Fuimos. Advertidos de la lejanía, mi madre y yo íbamos a caballo escoltados por Omero y los cuatro familiares del viejo. Cada vez más popular, las gentes me conocían como el «estudiante» y algunos proclamaban mi nombre. El sol doraba las copas de los árboles en un soto de la orilla del río cuando llegamos al campamento, diez o doce jaimas desperdigadas donde vivía la gran familia nómada. Eran más de cien, dedicándose al trapicheo, venta ambulante, confección de colgantes, dijes y fíbulas de plata. Habían preparado un gran festejo. En varias parrillas se doraban pollos y pinchos de cordero, mientras varias cocineras condimentaban los ingredientes del tajine marroquí. Nos recibió una orquesta con panderos, chirimías, flautas, panzudas tiorbas y guitarrones arábigos. El jefe de familia, radiante al hospedar a una antigua concubina del califa y a su hijo cirujano, nos sentó a su derecha y no dejó ni un segundo de obsequiarnos ofreciéndonos las mejores tajadas de pollo y el trozo más crujiente de pastel de pichón o rellenando nuestras copas continuamente. Hubimos de eructar varias veces para corresponder a los regüeldos de ellos, típicos y obligatorios en su tribu del Sahara. Tras los postres, deliciosos pastelillos de limón y almendra, hubo licor de arack y al tiempo música y danza. Jóvenes de ambos sexos del clan, con sus típicas túnicas, bailaron a sus modos para nuestro deleite. Era ya madrugada cuando mi madre hizo un pequeño gesto de cansancio, sin poder evitar un mínimo bostezo, y ello fue suficiente para que el anciano jerarca ordenase suspender las danzas y los cánticos dando por concluida la fiesta. Todavía nos obsequió, a mi madre con un mantel bordado y a mí con una fíbula de plata, antes de mandar que fuésemos escoltados por seis hombres armados hasta nuestra casa.

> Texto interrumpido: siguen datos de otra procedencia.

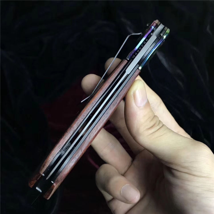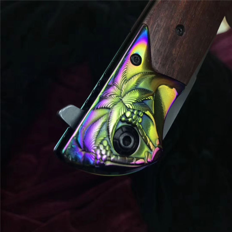全长:22.5cm 刃长:9cm 柄长:13cm 刃宽:2cm 刃厚:2.5mm 刃材:3Cr13Mov 重量:200g(含包装) 硬度:56HRC 表面:拉丝 柄材:全钢镭射刻花+彩木 锁型:内衬锁 包装:纸盒
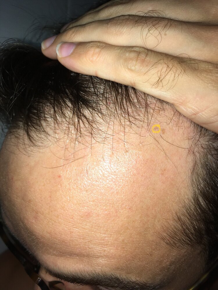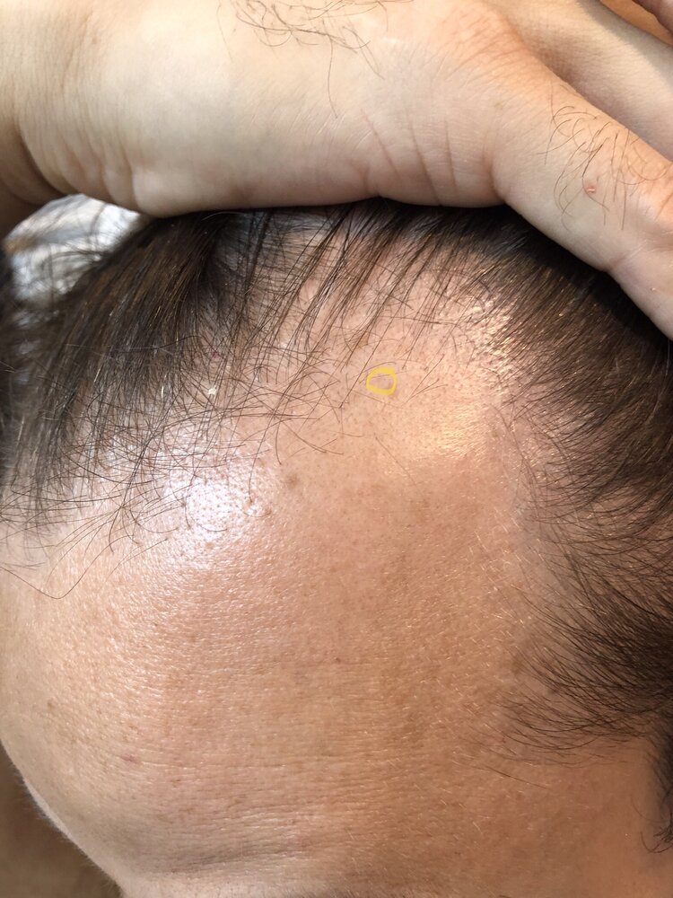 I marked a comparison spot, but also look at the area around the marker, it looks like they are spreading everywhere. I know the first picture is not the best quality but that's all I have. I just realized the quality of the uploaded pictures gets worse here on HairLossTalk.com, sorry for that so please look closely.
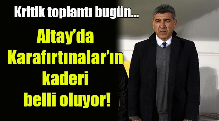 Abdullah ÇELEB?/SONKALE?ZM?R-TFF 1. Lig'de üst üste 4 yenilgi ald?ktan sonra iç sahada son s?radaki Eski?ehirspor'la 1-1 berabere kalarak taraftar?n? kahreden Altay'da ele?tirilerin oda??ndaki teknik direktör Sait Karaf?rt?nalar'?n kaderi bugün belli oluyor. Eski?ehir s?nav?n?n ard?ndan Menemen ?lçe Stad?'nda yakla??k bir saat durum de?erlendirmesi yapan Ba?kan Özgür Ekmekçio?lu ile Sportif Direktör Özden Törayd?n'?n bugün tekrar bir araya gelerek kötü gidi?at? masaya yat?raca?? ö?renildi. Üst üste gelen kötü sonuçlar nedeniyle camiada olu?an olumsuz havay? de?i?tirmek isteyen Ekmekçio?lu ve Törayd?n'?n radikal karalar alabilece?i ö?renildi.
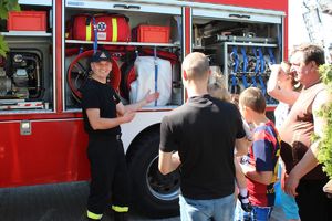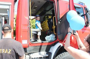 W sobotniej akcji „Kręci mnie bezpieczeństwo” wzięli też udział lipnowscy funkcjonariusze Straży Pożarnej, dzięki którym można było obejrzeć z bliska strażackie wozy, a nawet wcielić się w rolę strażaka siadając za kółkiem czerwonego samochodu służbowego.
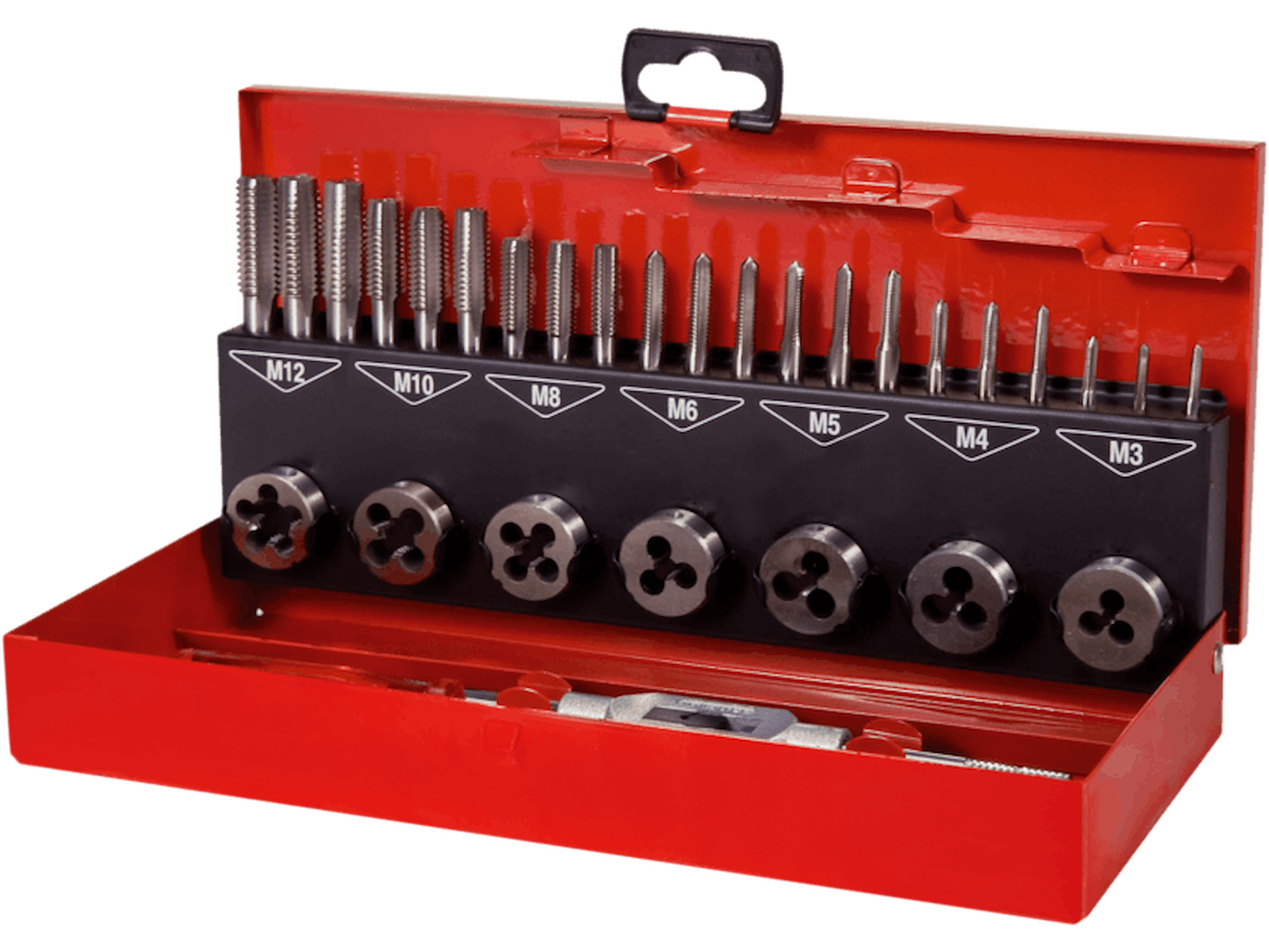 Gevindværktøjssæt med 31 dele. Velegnet til aluminium, messing, plastik og stål (N/mm2) < 800. Kan også bruges til bronze og støbejern. Leveres i praktisk og robust opbevaringskasse af metal.
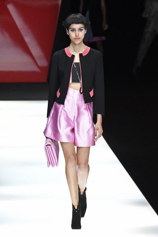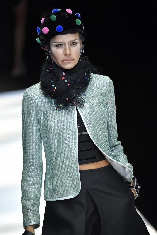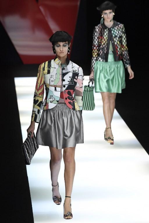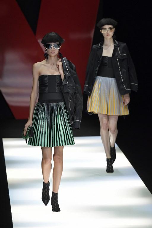 Las chaquetas llevan dobladillos asimétricos, las faldas son plisadas y brillantes, todo fiel a la "elegancia lineal y sofisticada de Armani", sostienen los expertos.
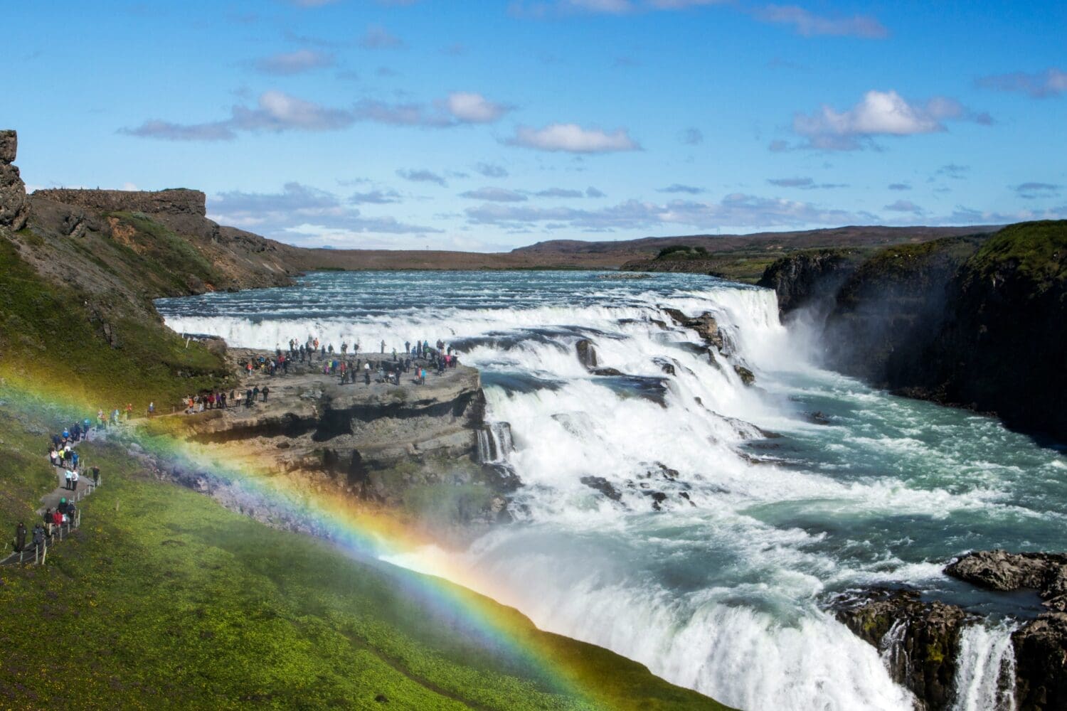 After we leave Thingvellir behind, our next destination will be Haukadalur. This geothermal valley is the home of the geyser which all others of its kind are named after. The Great Geysir does not erupt as often now but its neighbor Strokkur is exceptionally active, shooting boiling water high into the sky every 10 minutes. The surrounding mud pools, hot vents, and fumaroles are sure to pique both your interest and your appetite. We’ll stop for a snack before getting back in the vehicle to visit the jewel the Golden Circle route was named after.
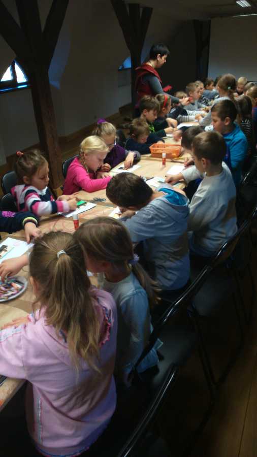 Uczniowie naszej szkoły niedawno odwiedzili Muzeum Ziemi Wschowskiej. Dzieci uczestniczyły w lekcji muzealnej, która rozpoczęła się od krótkiej prezentacji przedstawiającej historię chleba, jego pochodzenie, tradycje z nim związane oraz proces produkcji pieczywa. Po filmie nastąpiła prelekcja właściciela muzeum, który mówił przede wszystkim o ponownym przywróceniu szacunku do chleba. Dodatkową atrakcją dla zwiedzających były warsztaty, na których uczniowie samodzielnie tworzyli widokówki. Uzyskany efekt wprawił w zachwyt instruktora, nauczycieli, a co więcej – również samych uczniów. Czas spędzony w Muzeum pozostawił w sercach dzieci niezapomniane wrażenia.
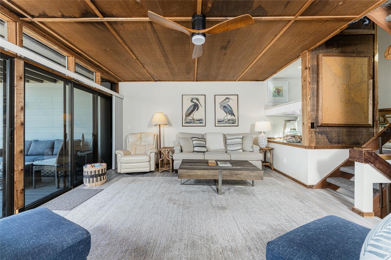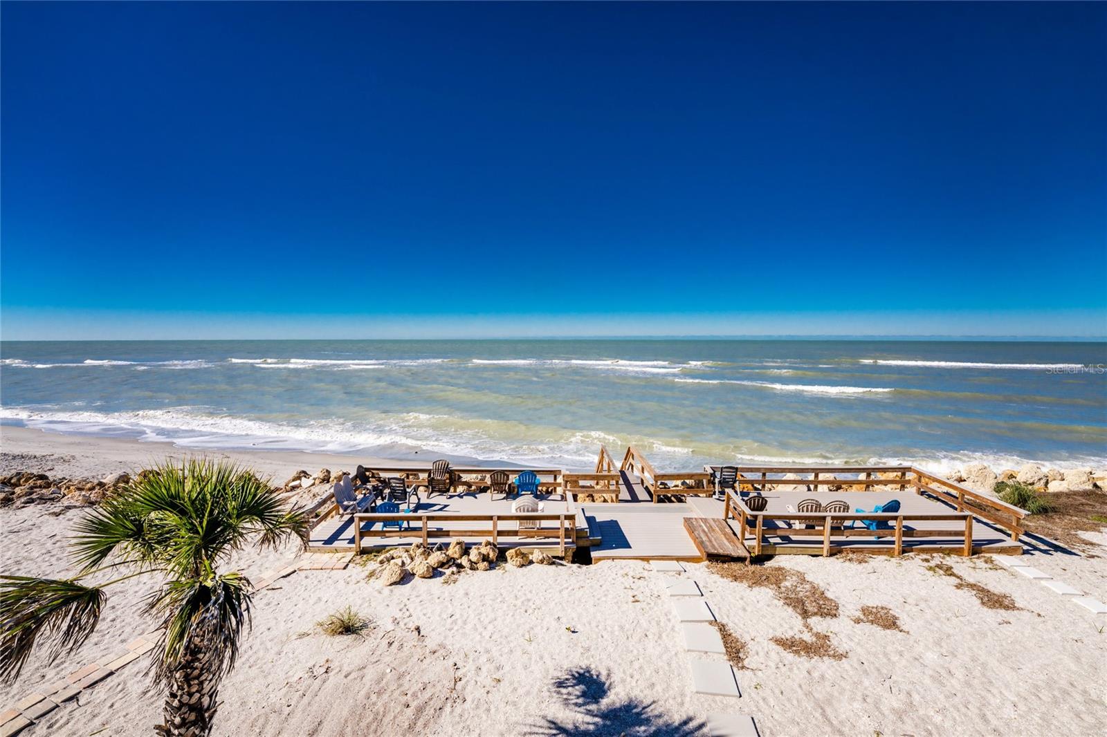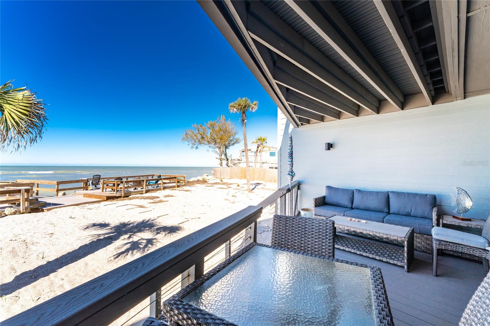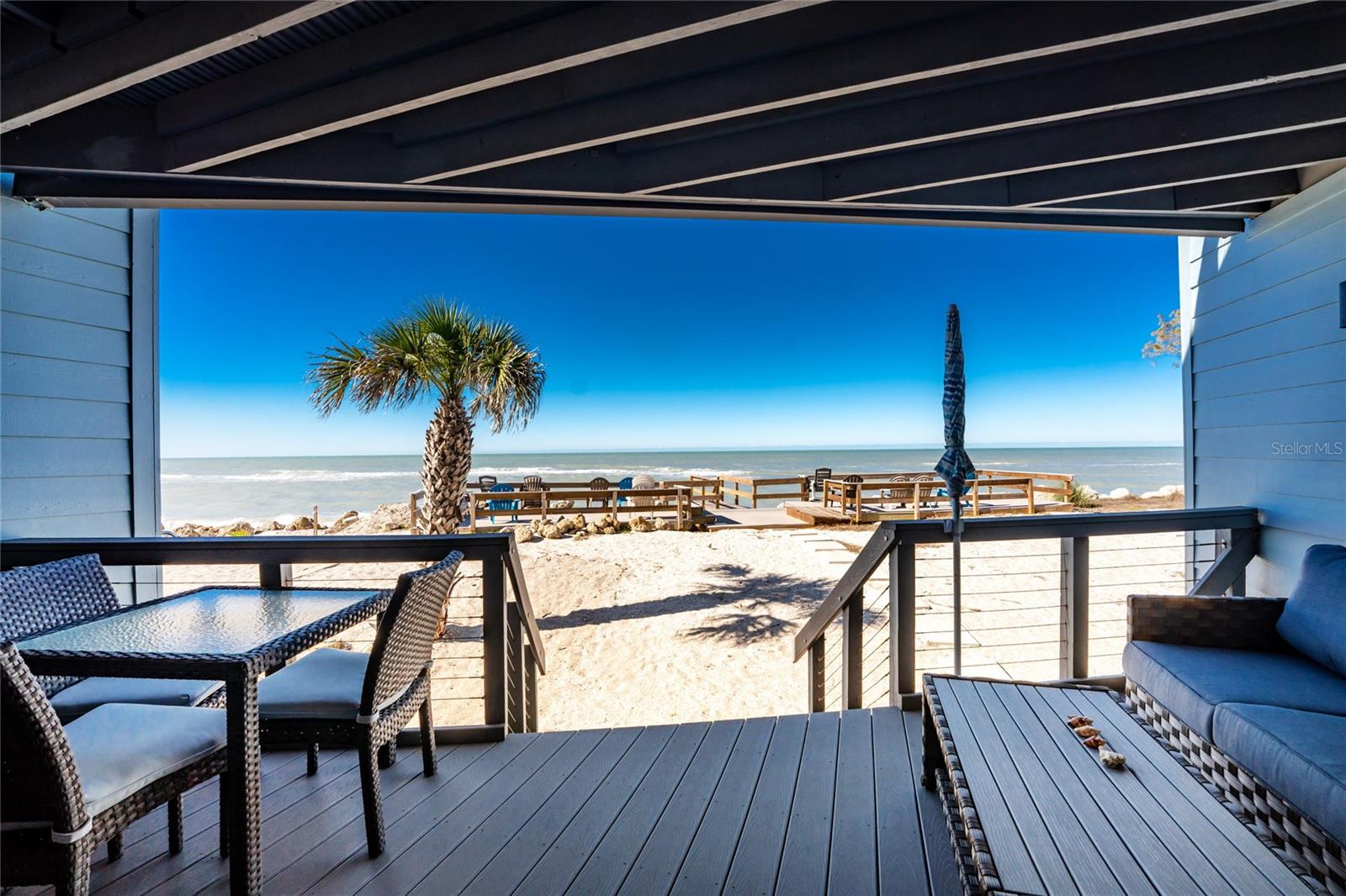 Welcome to Banyan Bluff Condominiums, a private four-residence townhome community set directly along the Gulf front of Manasota Key in Englewood, Florida. This lovely 3-bedroom, 2-bath multi-level townhome offers privacy and a tranquil atmosphere, positioned on more than an acre and comfortably set back from North Beach Road for added seclusion. The first living level is elevated on pilings approximately 16 feet above sea level, and the layout maximizes sweeping Gulf views and breathtaking sunsets from most rooms. A covered balcony off the main living area creates an inviting indoor-outdoor living space, ideal for dining outside or unwinding at day’s end. The beautifully updated kitchen includes new stainless steel appliances and quartz countertops. Upstairs, the top floor primary bedroom suite offers a vaulted ceiling, walk-in closet, an updated en-suite bathroom, and recently replaced storm-rated sliders that open to a private open balcony overlooking the Gulf. Both guest bedrooms include storm-rated windows and the guest bathroom is located just beyond the kitchen and adjoining dining area. Convenient parking includes two under-building spaces and an EV charging port. The tiled entry foyer includes an adjoining utility room with a new washer/dryer, utility sink and room for storage. The townhome is being offered turnkey furnished. Whether you choose to make it your own or place it in a rental program, this condo offers outstanding versatility. Banyan Bluff residents also enjoy a Gulf-front wooden deck, perfect for soaking up the sun or enjoying evening sunsets. Other notable updates include a metal roof in 2023, a newer electrical panel, and tankless water heater. A rare opportunity to own a stunning beachfront townhome in a quiet, exclusive setting.

Faltando pocos días para diplomarme como físico vinieron a buscarme otra vez. Se trataba ahora de un obrero que, caído de un andamio, se había fracturado una muñeca. Hubo el mismo tira y afloja que las otras veces y un resultado idéntico. Bajo los efectos del narcótico, enderecé los huesos desplazados presionando con mis dedos y los mantuve en buena posición con una férula de madera dorsal y otra ventral. Aseguré todo con vendas y, tras comprobar por su color que la sangre llegaba bien a los dedos, despedí al paciente sin cobrarle.

Tres días antes de examinarme de la última materia pasé casualmente por la pescadería del muladí. Me vio de lejos y se alborozó. Me acerqué.

—Tengo los pescados más frescos del arrabal, recién llegados de la bahía de Cádiz —pregonó.

—Estoy disgustado contigo, Alí —le respondí.

—Que me trague el infierno mil veces, señor, ¿qué he hecho?

—Te faltó tiempo para propagar por ahí mi actuación con tu madre, la forma como la curé de su flemón dentario.

—Que me muera aquí mismo si tal hice, amo. Ni a mi esposa le comenté el caso. Seguramente habrá sido mi madre, cotilla y habladora como mujer, la que se fue de la lengua.